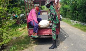 Pati – Salah satu Satgas TMMD 111 Kodim 0718/Pati semangat mengangkat bahan material pasir dan bata untuk pembangunan RTLH milik Rusnawi (68) Dusun Kalimati RT.04 RW.01 Desa Tamansari Kecamatan Jaken.
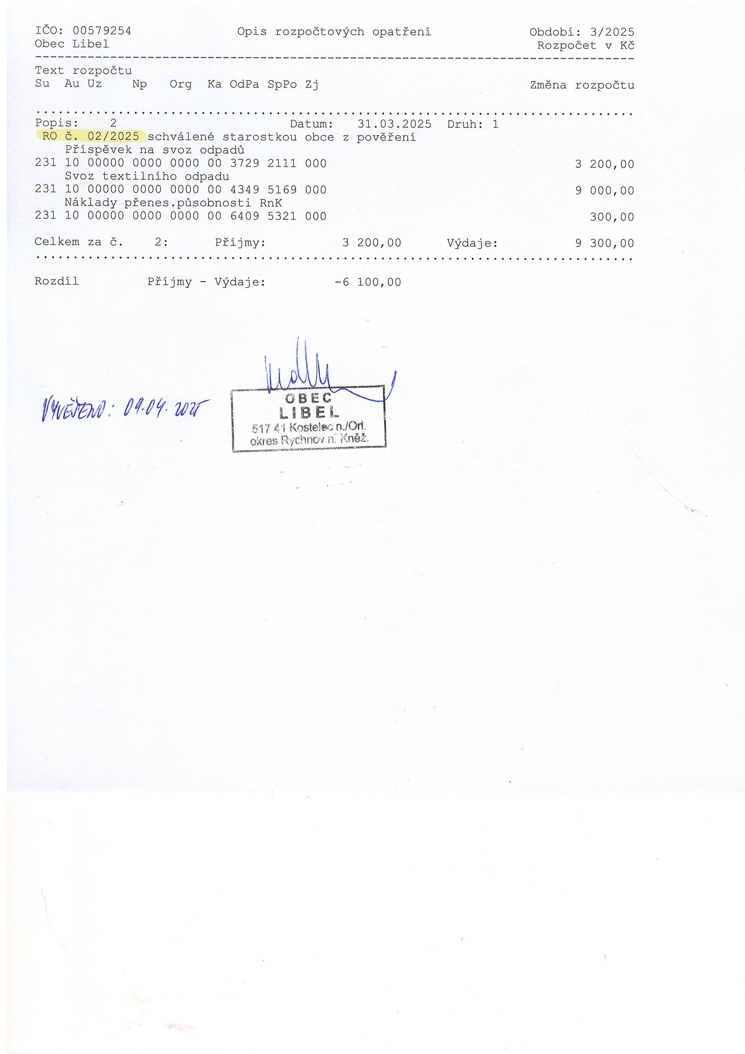 09.04 - 31.12.2025 Rozpočtové opatření č. 2
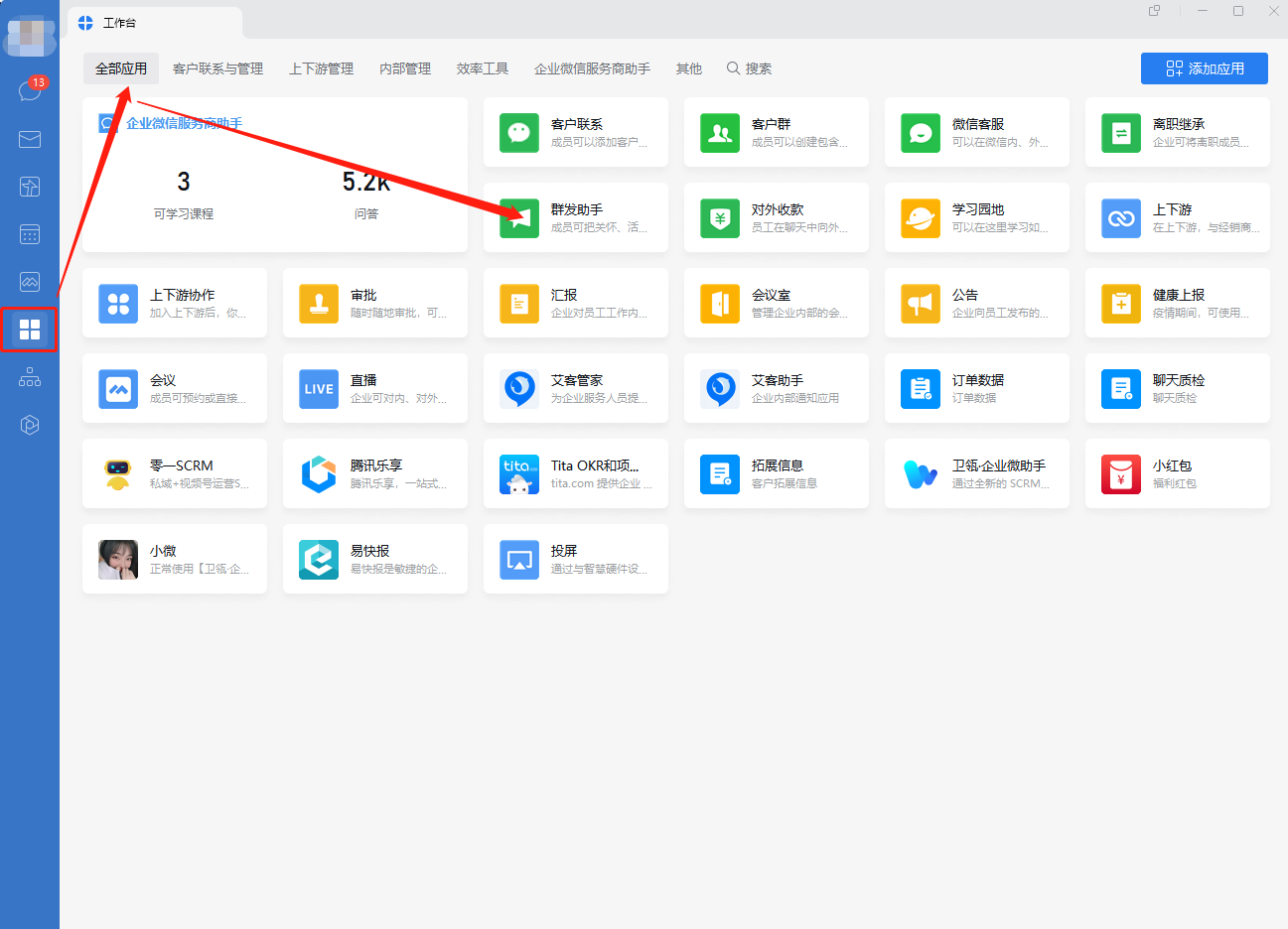 一、打開企業微信,點擊【工作臺】—【全部應用】—找到【群發助手】
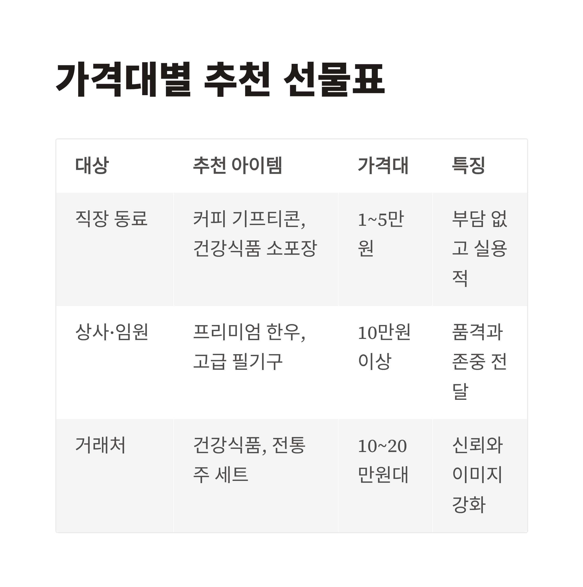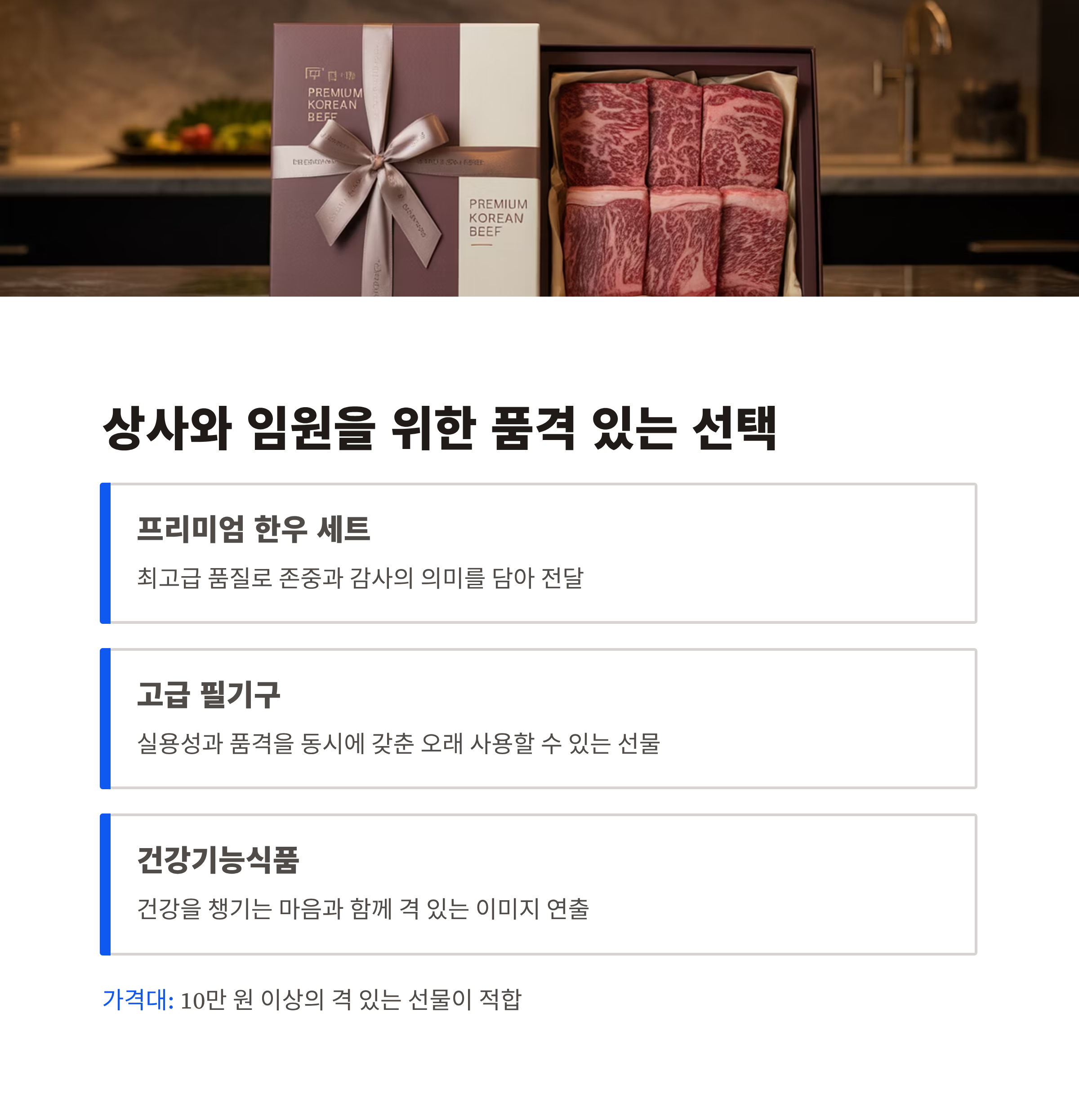 | 상사·임원 | 프리미엄 한우, 고급 필기구 | 10만 원 이상 | 품격과 존중 전달 |
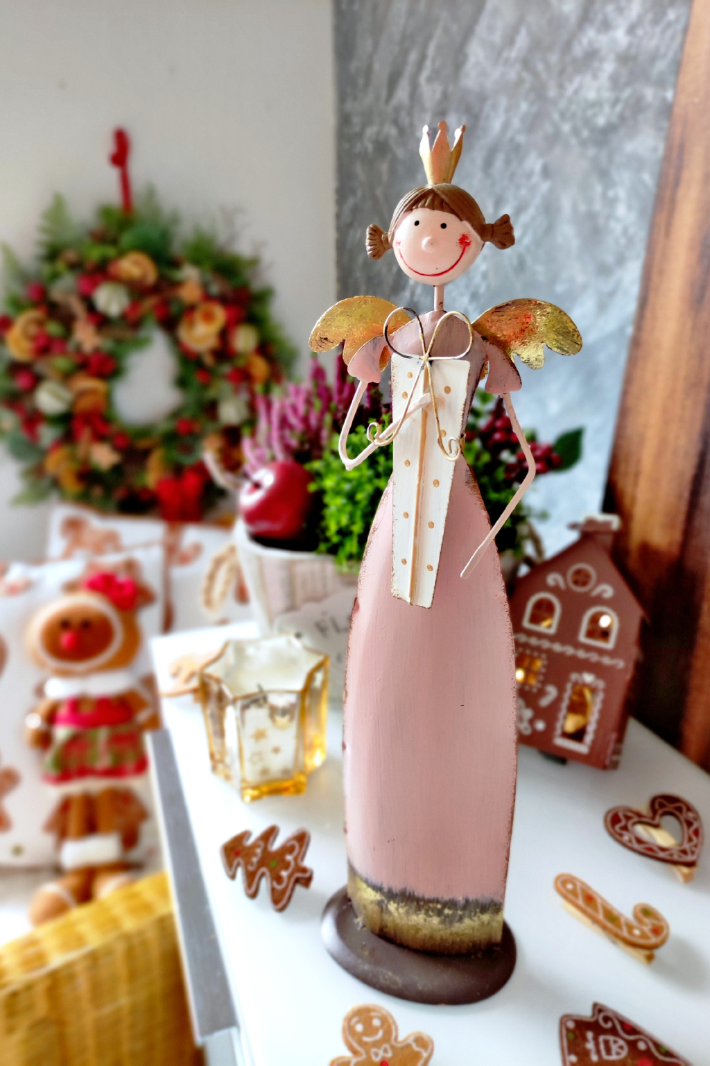 Tento kovový anděl vyzařuje jemnost, klid a zákoutí zimní pohádky. Je oblečen do pastelově růžových šatů, andílek nese dáreček. Jeho úsměv a ladné držení dlaní působí jako tichý pozdrav svátečního světla.

▶ WORK TASK: Since only the text is wanted, repeat all the records above exactly and omit the pictures.

▶ TASK RESPONSE:
 Pati – Salah satu Satgas TMMD 111 Kodim 0718/Pati semangat mengangkat bahan material pasir dan bata untuk pembangunan RTLH milik Rusnawi (68) Dusun Kalimati RT.04 RW.01 Desa Tamansari Kecamatan Jaken.
 09.04 - 31.12.2025 Rozpočtové opatření č. 2
 一、打開企業微信,點擊【工作臺】—【全部應用】—找到【群發助手】
 | 상사·임원 | 프리미엄 한우, 고급 필기구 | 10만 원 이상 | 품격과 존중 전달 |
 Tento kovový anděl vyzařuje jemnost, klid a zákoutí zimní pohádky. Je oblečen do pastelově růžových šatů, andílek nese dáreček. Jeho úsměv a ladné držení dlaní působí jako tichý pozdrav svátečního světla.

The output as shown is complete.